Extracted data entries –
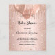 Para um chá de bebê, celebrando uma menina. Um fundo rosa dourado. Decorado com rosa dourado, gotas cor-de-rosa, efeito de tinta pingando e balões. Personalize e adicione o nome da futura mamãe e detalhes do evento. O nome e o texto: Chá de Bebê estão escritos com um estilo de letra manuscrita
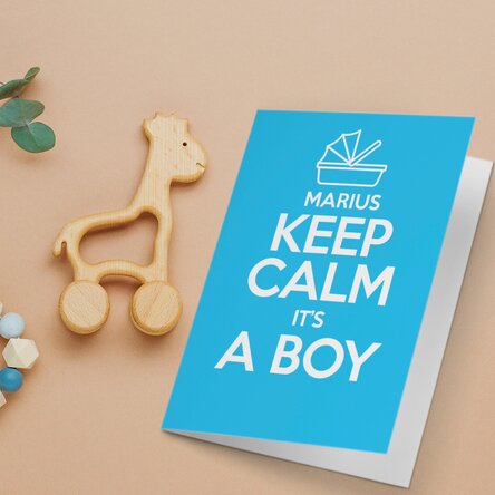 personaliza cu numele ei și cu îndemnul prietenesc :”keep calm it’s a boy”?
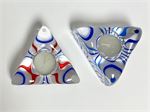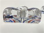 2 glass triangular candleholders, signed UHV for Ulrica Hydman Vallien.  They're painted on the bottom, and the painting shows and reflects in the glass to make blue and red/blue waves.  Good condition, no damage.
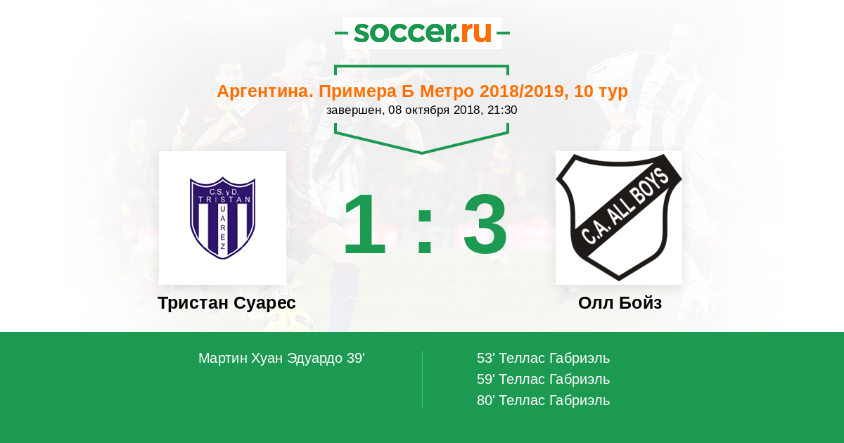 | Аргентина. Примера Б Метро | 6 | 3 | 1 | 2 |
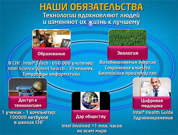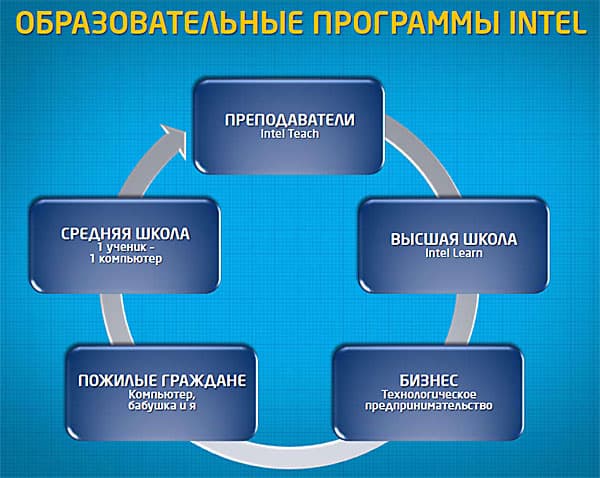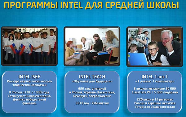Ежегодно Intel вкладывает в образовательные программы 100 млн. долларов. За прошедшие годы при поддержке Intel было обучено по программе Teach более 60 млн. преподавателей в 60 странах. Где было поставлено более 2 млн. компьютеров класса ClassmatePC, опять же при поддержке Intel. В 70 странах в 1000 университетах более 100 000 студентов-педагогов прошли специальное обучение по программе Learn.
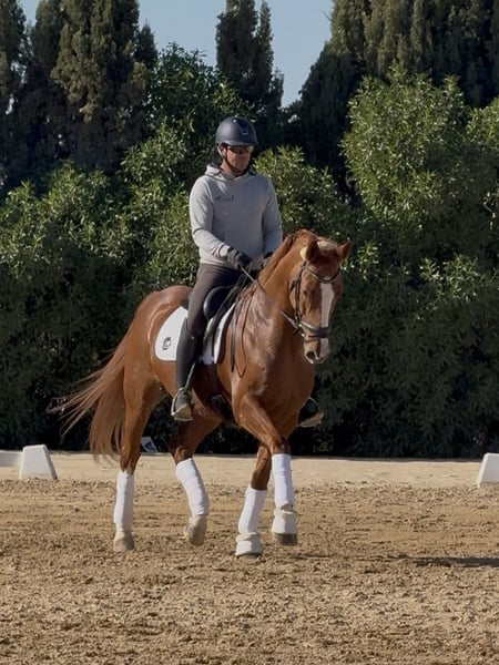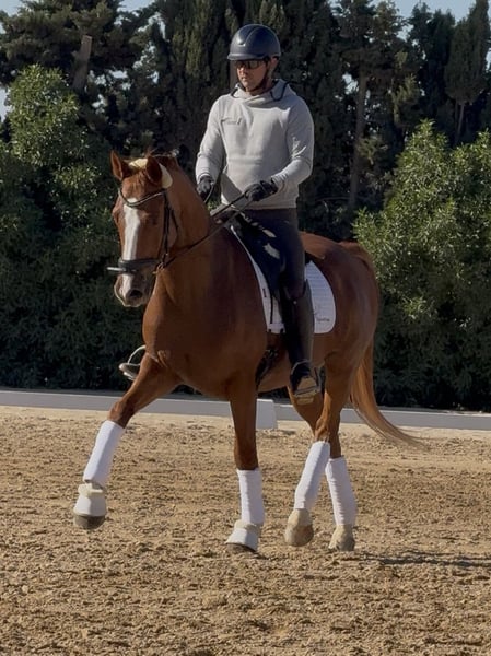 Winzton de CT, OLD gelding born 2015 and ap. 167 cm. By Governor and a SWB mare by Bourbon. For sale directly from the breeder. Winzton is an absolutely stunning horse with a lot of charisma. He always has his ears forward and loves cuddles and kisses in the stables. He has really good movements with a lot of power in his hind legs, always uphill and with a good rhythm. Currently at level 3 dressage + started flying changes. Located in Malaga, Spain. Piro negative.
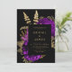 Este elegante e modesto convite de casamento apresenta um buquê floral romântico e exuberante em roxo com folha de ouro e folhagem brilhante num fundo negro. Personalize o texto dourado em fontes na moda em um retângulo preto. O verso fornece espaço para detalhes do casamento em um fundo preto sólido, junto com um código QR que os convidados podem digitalizar para visitar seu site e RSVP, o que economiza o custo de imprimir e enviar cartões RSVP separados.
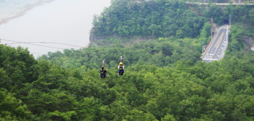 만천하 스카이워크는 남한강 절벽 위에서 8090m 수면 아래를 내려보면 하늘 길을 걷는 스릴을 맛볼 수 있는 스카이워크로 시내 전경과 멀리 소백산 연화봉을 볼 수 있고 만천 화 집와이어는 길이 980m 2개의 고정된 와이어로프를 타고 무동력으로 활강하듯이 내렸갑니다.
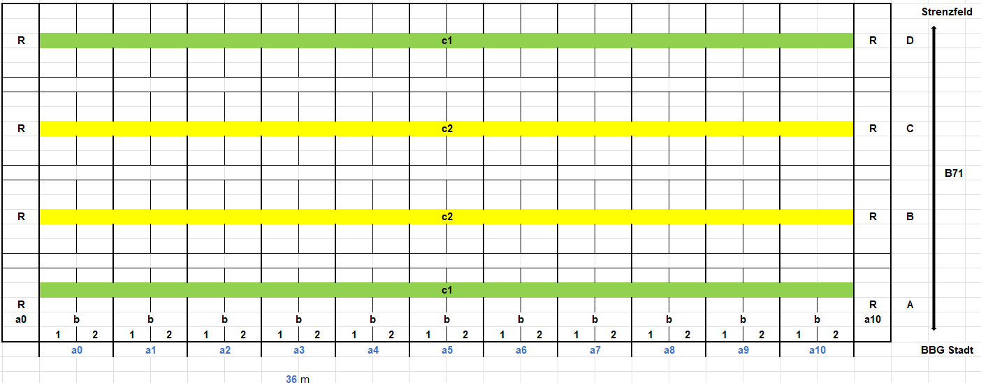 | Düngung | b1 1. Gabe: 40 kg N/ha 2. Gabe: 40 kg N/ha 3. Gabe: 40 kg N/ha b2 1. Gabe: 80 kg N/ha 2. Gabe: 80 kg N/ha 3. Gabe: 40 kg N/ha | |
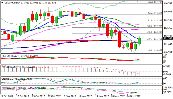 Extended bullish acceleration dented next resistance at 112.00 (falling Tenkan-sen), turning focus towards next pivot at 112.32 (Fibo 38.2% of 114.73/110.83 downleg).
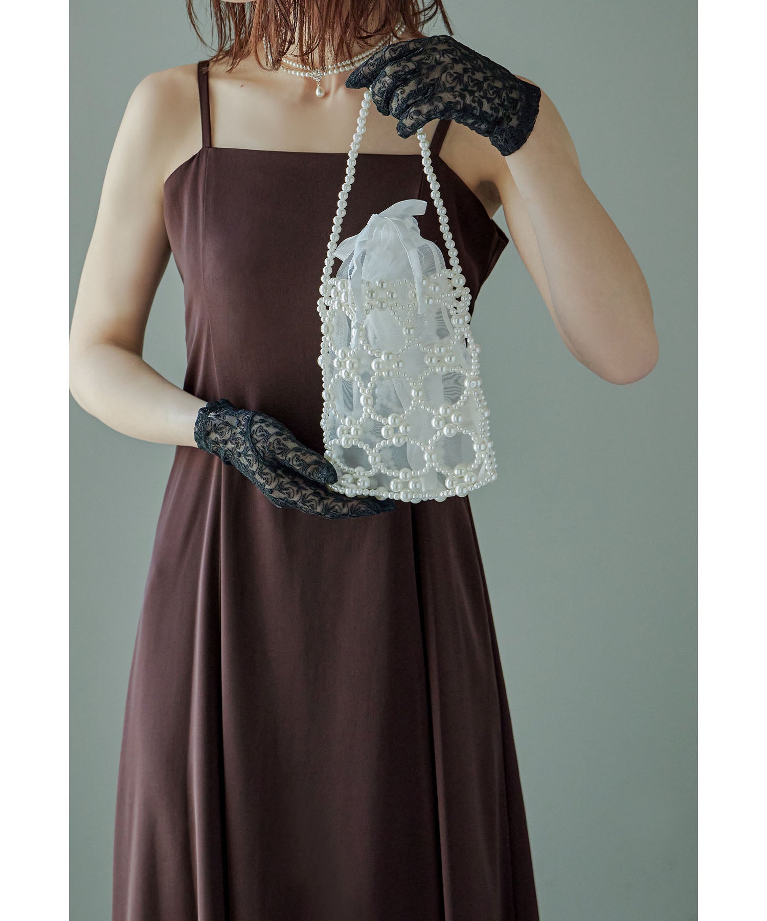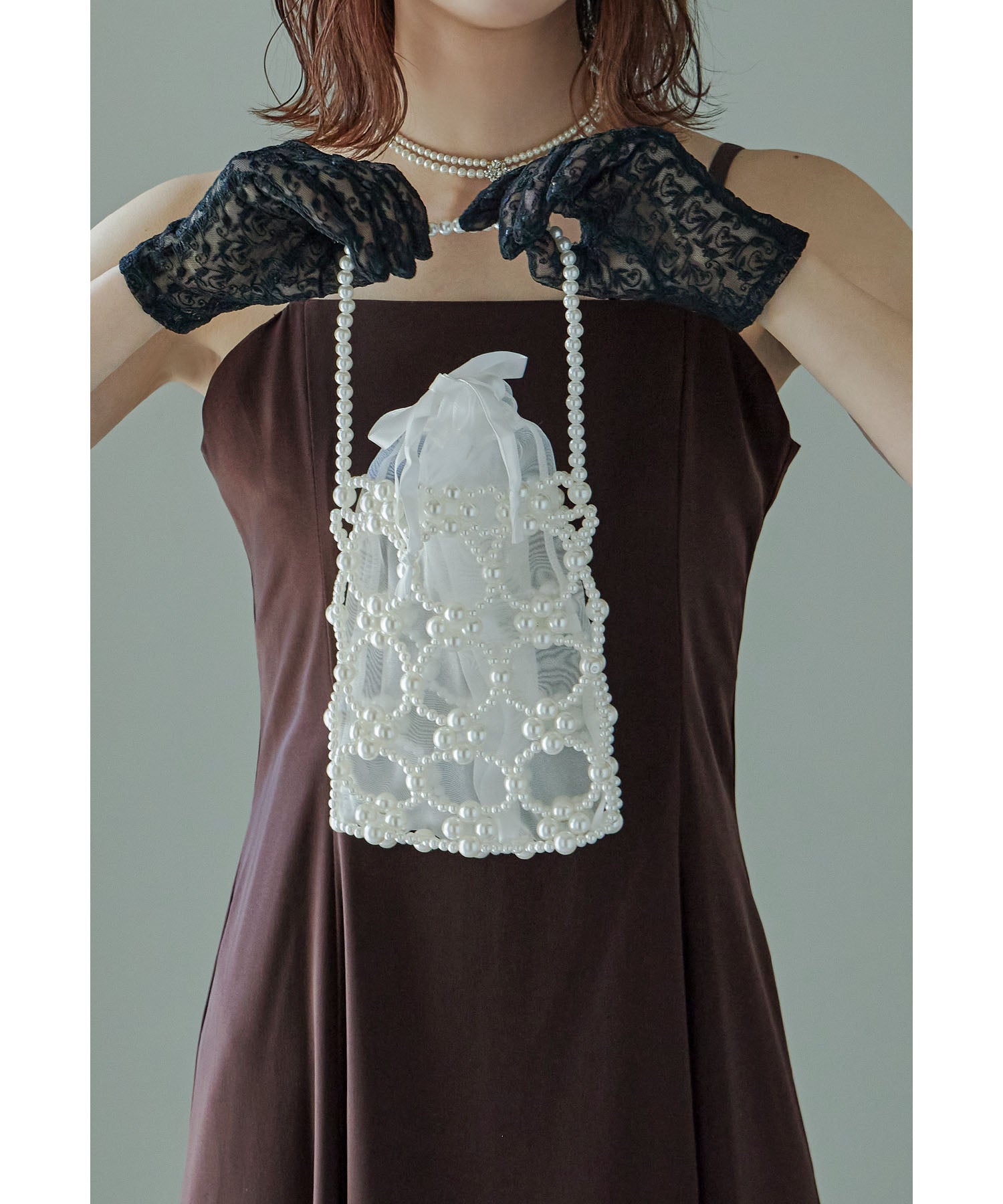 アクセサリー感覚で使える、華やかな印象のパールビーズバッグ。
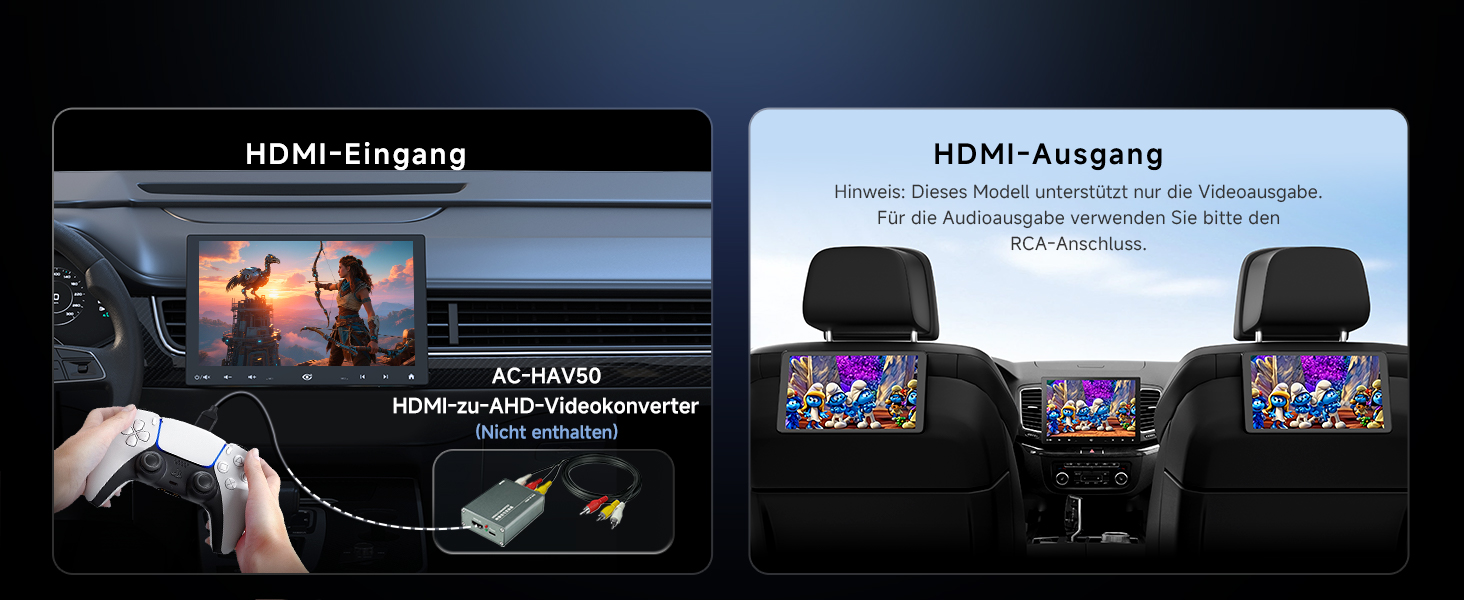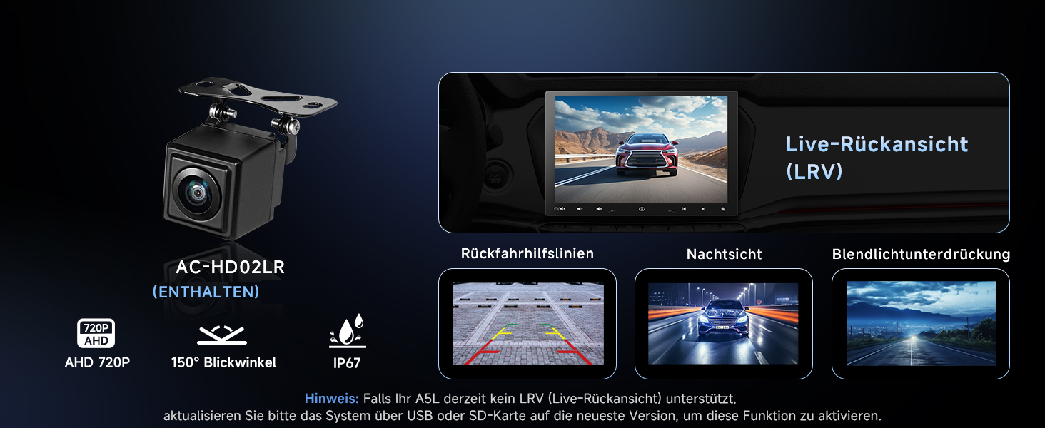 [Rückfahrkamera]: Bei Verbindung mit der AC-HD02LR (enthalten) bietet das System 720P AHD-Rückansicht mit Einparkhilfen, 150° Weitwinkel und Live-Rückansicht (LRV) für sicheres Parken
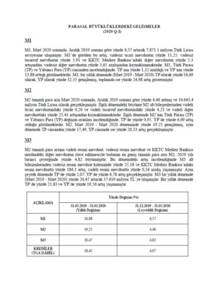 Para arzı raporu: Parasal büyüklüklerdeki gelişmeler (2020-I)
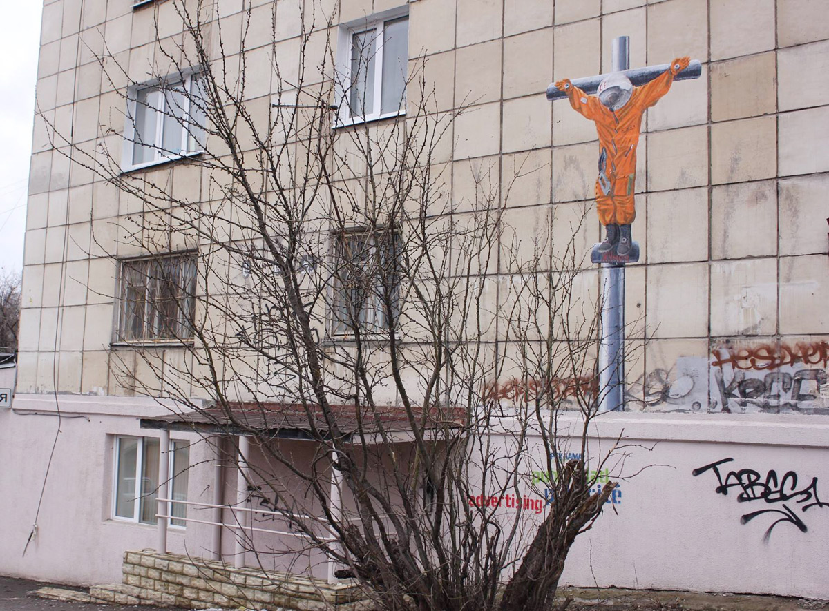 Как рассказал «Новому компаньону» пермский стрит-арт-художник Александр Жунёв, 22 апреля его допросили в прокуратуре по поводу изображения с распятым на кресте Гагариным.
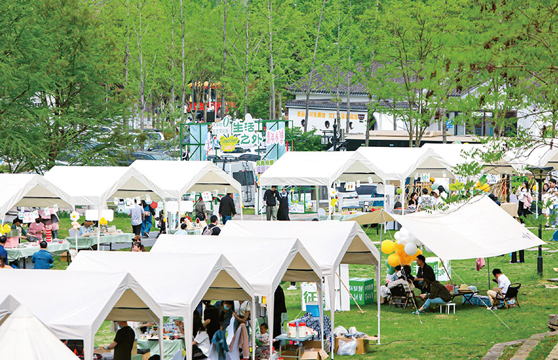 2023年4月,浙江省湖州市安吉縣天荒坪鎮(zhèn)余村舉行“生活之外”青年市集活動,為青年人才搭建起合作交流的平臺。圖為青年市集活動現(xiàn)場。 安吉縣委宣傳部供圖
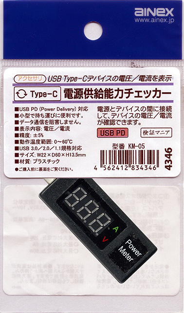 電圧と電流値が交互に表示されるだけのシンプルなもので、USB PD(Power Delivery)にも対応可能で、電圧は、3.5V~24V,電流は0.05A~6Aまで計測可能です。
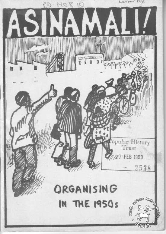 This is the front cover of the booklet, titled 'ASINAMALI! Organising in the 1950s'. Date unknown. The cover was digitised by SAHA in 2012.
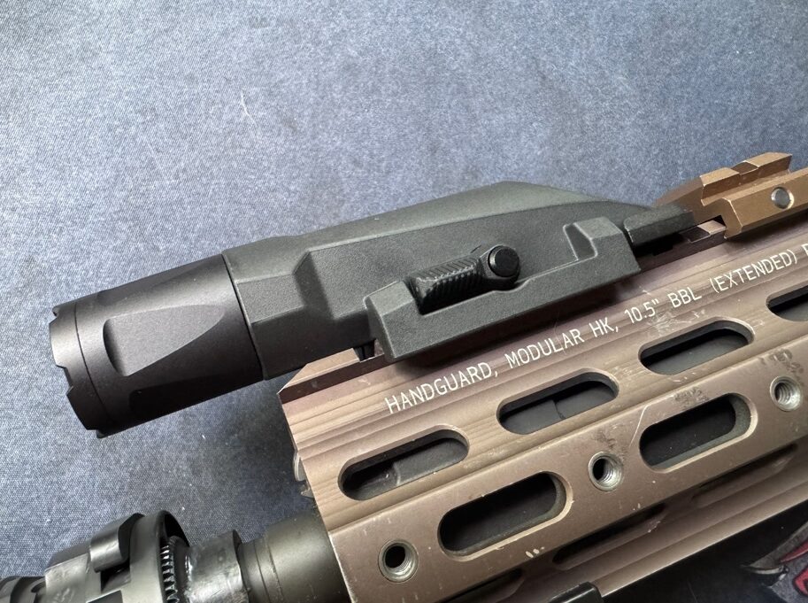 Pierwsze pytanie po montażu oświetlenia na H&K MR 223, na które postanowiliśmy znaleźć odpowiedź, to możliwości optymalnego montażu latarki dla strzelca prawo lub leworęcznego. W przypadku karabinka, logicznymi wydają się trzy opcje montażu na łożu – na 12, 9 i 3 godzinie.
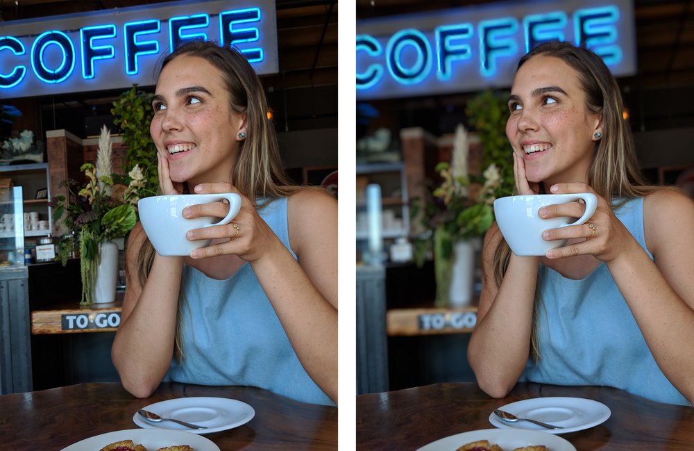 Deschiderea diafragmei este mai largă, deci camera captează mai multă lumină. Şi pentru a lămuri care e procedeul din spatele capturii Portrait, e vorba despre 3 sub procese: HDR+, o mască de segmentare şi o hartă de adâncime. HDR+ realizează până la 10 fotografii, mult mai multe decât am văzut la alte telefoane. Fotografiile sunt sub expuse pentru a evita arderea lor, iar apoi toate imaginile sunt combinate şi aliniate într-o singură fotografie.
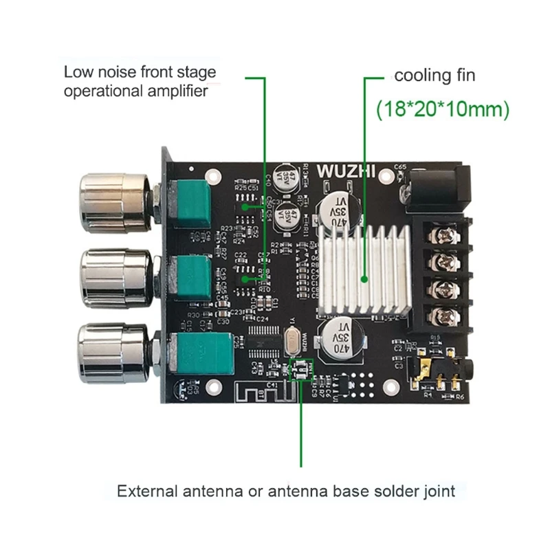 Adopta el chip TPA3116D2 (con función de supresión de interferencias AM), con excelente calidad de sonido. Asegura que incluso con un funcionamiento de alta potencia durante mucho tiempo.
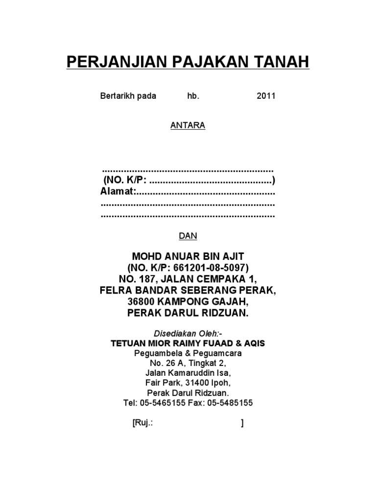 Perjanjian Pajakan Tanah Bt5 Felcra Nasaruddin
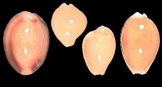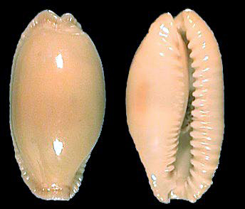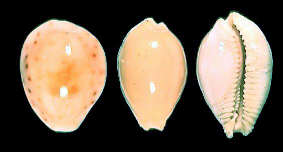 One would think that the longer the shell is dead, the stronger is the degree of erosion and loss in colour and pattern. In very rare cases, however, a single shell or even an entire cowry population got covered by sand or mud within a short period of time (a few days). Under certain circumstances the mechanical and chemical processes destroying the shells are stopped or considerably. If the deposition in this environment lasts, cowries may retain their nacre, but a pellucid appearance develops, and all darker colour components are lost. After a few thousand years, all colour is changed to shades of orange and yellow. Such shells have started their process of fossilization - the exchange of the chemical shell-components. The term subfossil may be used, independently from the actual age of the shells, as long as this process is not complete. We know gradual transitions from moderately fresh subfossils to fossil specimens of several cowry-species, always depending on the type of deposition. The age of these shells is often difficult to determine.

TASK –
Copy nothing but the lines above that run from the one with "Este elegante e" to the one with "на кресте Гагариным.", ends included; pictures stay out.

SOLUTION FOR THIS TASK –
 Este elegante e modesto convite de casamento apresenta um buquê floral romântico e exuberante em roxo com folha de ouro e folhagem brilhante num fundo negro. Personalize o texto dourado em fontes na moda em um retângulo preto. O verso fornece espaço para detalhes do casamento em um fundo preto sólido, junto com um código QR que os convidados podem digitalizar para visitar seu site e RSVP, o que economiza o custo de imprimir e enviar cartões RSVP separados.
 만천하 스카이워크는 남한강 절벽 위에서 8090m 수면 아래를 내려보면 하늘 길을 걷는 스릴을 맛볼 수 있는 스카이워크로 시내 전경과 멀리 소백산 연화봉을 볼 수 있고 만천 화 집와이어는 길이 980m 2개의 고정된 와이어로프를 타고 무동력으로 활강하듯이 내렸갑니다.
 | Düngung | b1 1. Gabe: 40 kg N/ha 2. Gabe: 40 kg N/ha 3. Gabe: 40 kg N/ha b2 1. Gabe: 80 kg N/ha 2. Gabe: 80 kg N/ha 3. Gabe: 40 kg N/ha | |
 Extended bullish acceleration dented next resistance at 112.00 (falling Tenkan-sen), turning focus towards next pivot at 112.32 (Fibo 38.2% of 114.73/110.83 downleg).
 アクセサリー感覚で使える、華やかな印象のパールビーズバッグ。
 [Rückfahrkamera]: Bei Verbindung mit der AC-HD02LR (enthalten) bietet das System 720P AHD-Rückansicht mit Einparkhilfen, 150° Weitwinkel und Live-Rückansicht (LRV) für sicheres Parken
 Para arzı raporu: Parasal büyüklüklerdeki gelişmeler (2020-I)
 Как рассказал «Новому компаньону» пермский стрит-арт-художник Александр Жунёв, 22 апреля его допросили в прокуратуре по поводу изображения с распятым на кресте Гагариным.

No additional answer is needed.